The Dublin Core Metadata Initiative offers, among other things, a collection of metadata terms built around documents, such as "creator" for the original author, "type" for the type of document, and "description" for a short description of the document. To use a term from an external vocabulary, you need to first import the vocabulary (see our RDF tidbit above).

Expanding the example from earlier, perhaps the link was created to go into a larger document that starts something like this:

<div>
  <h1>All About RDFa</h1>
  <h3>CMSWire Staff Writer</h3>
  <h4>All you ever wanted to know about RDFa but 
      were terrified to ask.</h4>
  <a 
     href="http://www.w3.org/TR/xhtml-rdfa-primer/"
     rel="cite"
       >The W3C's RDFa Primer</a> is the definitive resource ...
</div>

Now, in this section, to tell computers that you're importing vocabulary from DCMI, I add an XML namespace statement to the div that links to the machine-readable vocabulary definition document

<div xmlns:dcmi="http://purl.org/dc/elements/1.1">

The dcmi tells computers that when they see dcmi in front of a vocabulary term, they should look to the DCMI document to know how to handle it. Now that the vocabulary's imported for this section, the title, the creator and the description can all be marked with metadata, allowing computers to decide how to format and present the information: 

<div xmlns:dcmi="http://purl.org/dc/elements/1.1">
  <h1 property="dcmi:title">All About RDFa</h1>
  <h3 property="dcmi:creator">CMSWire Staff Writer</h3>
  <h4 property="dcmi:description">All you ever wanted to know about RDFa 
      but were terrified to ask.</h4>
  <a  
     href="http://www.w3.org/TR/xhtml-rdfa-primer/"
     rel="cite"       
       >The W3C's RDFa Primer</a> is the definitive resource ...
</div>

Using "property" tells the computers that there's extra markup terms being added so they better pay attention.

As you might imagine, using a technology like RDFa can make creating a document a bit more work, but it also means that machines can now understand the context of the content they're serving. A  program on one site looking at document after document marked up in the methods discussed above might be programmed to display all documents sortable by title or author.

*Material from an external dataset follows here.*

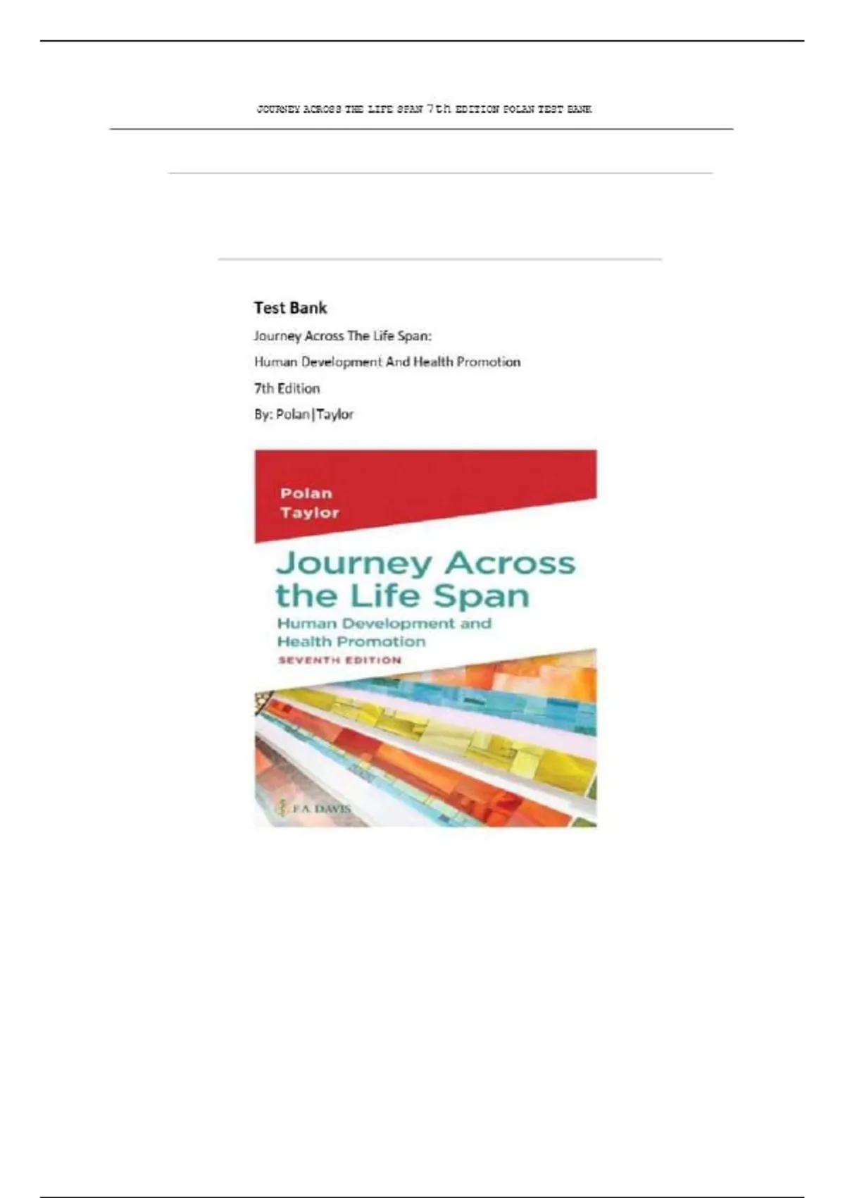 Journey Across the Life Span, 7th Edition Polan Test Bank

A program on another site might be more interested in the titles and descriptions, de-emphasizing the author information in the listing so people can focus on what the documents are about.

One search engine might know to ignore the document because they're only interested in product information, while others focus on helping researchers and so would definitely index this content, presenting its search results in a way that helps the user quickly find what they need.

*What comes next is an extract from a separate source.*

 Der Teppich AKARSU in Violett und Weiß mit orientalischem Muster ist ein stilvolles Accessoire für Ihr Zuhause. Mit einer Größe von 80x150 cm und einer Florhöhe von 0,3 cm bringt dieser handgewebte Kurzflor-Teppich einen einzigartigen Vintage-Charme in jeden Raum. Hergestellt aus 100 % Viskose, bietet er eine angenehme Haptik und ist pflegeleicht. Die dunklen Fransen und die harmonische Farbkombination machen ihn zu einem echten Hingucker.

Giving machines context about what they're processing adds a whole new depth to what they can accomplish.

Drupal and RDFa

A web content management system such as Drupal can contain gigabytes of structured data. However, that structure remains safely tucked away in the database, contributing nothing to the context of the data -- nothing for machines, nothing for humans.

The first step in ensuring that this structured data might also contain machine-readable context was by bringing useful fields into Drupal's core. Each field can then be used as an attribute, and its value mapped to that attribute, embedding metadata into Drupal's XHTML output.

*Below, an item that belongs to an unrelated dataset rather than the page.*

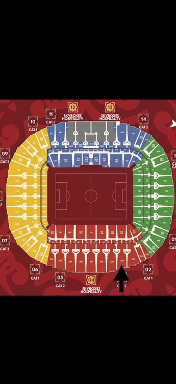 Posté(e) il y a 1 heure1 h il y a 11 minutes, Cambo a dit :Block 328 (alors que c'est un billet CAT 1) A mon avis, au mieux je peux atteindre un block en dessous mais ça va être chaud d'atteindre le virage en bas, surtout qu'ils seront sûrement plus stricts pour la finale pour les contrôles d'accès aux blocsC'est le côté où il y a 3 étages séparés ? C'est pas le coté où il y a seulement 2 étages yak ?Je connais pas ce coté mais je crois que les ultras seront ensemble de l'autre coté comme face au Nigeria.

Now that fields are in Drupal core, RDFa support is in the process of being added. The implications for search, social networking, storefront and just about every other web application are still hard to fathom, but a few people are trying to put them into words. And into video.

Geeks, You are Not Alone

We geeks often like to be alone, safe, with our code and data. But we also know the power of community. Being a semantic web nerd is the contrary of isolation, both in principle and in terms of social reality.

lod-datasets_2008-03-31.jpg
Linking Open Data Cloud by Richard Cyganiak. See clickable version here.

The project of making the web more machine comprehensible has been underway for sometime. The Linking Open Data Project is an active and growing W3C community. And the W3C reported last October that as part of which there were already over 100 billion known triples and more than 100 million links between public data sets.

Projects like Silk are advancing methodologies for connecting instrumented data sets. And there are tutorials available for publishing these data sets in useful ways.

The term of the hour is Linked Data and by that it is meant data sets that are structured using RDF syntax with RDF triples providing meaning, and URIs connecting datasets. The term was coined by a little ole someone named Tim Berners-Lee. We think it just might catch on.

Going Further

Manifestations of the RDFa possibilities are still few, but they are arguably endless -- and the idea factories just now cranking up.

To spark your imagination further, check out the W3C's RDFa Primer. If you're a Drupal geek, tune into the Drupal Semantic Web Group and check out the RDFa (video) session from the last DrupalCon in DC.

Maybe it's high time your Web CMS got smarter.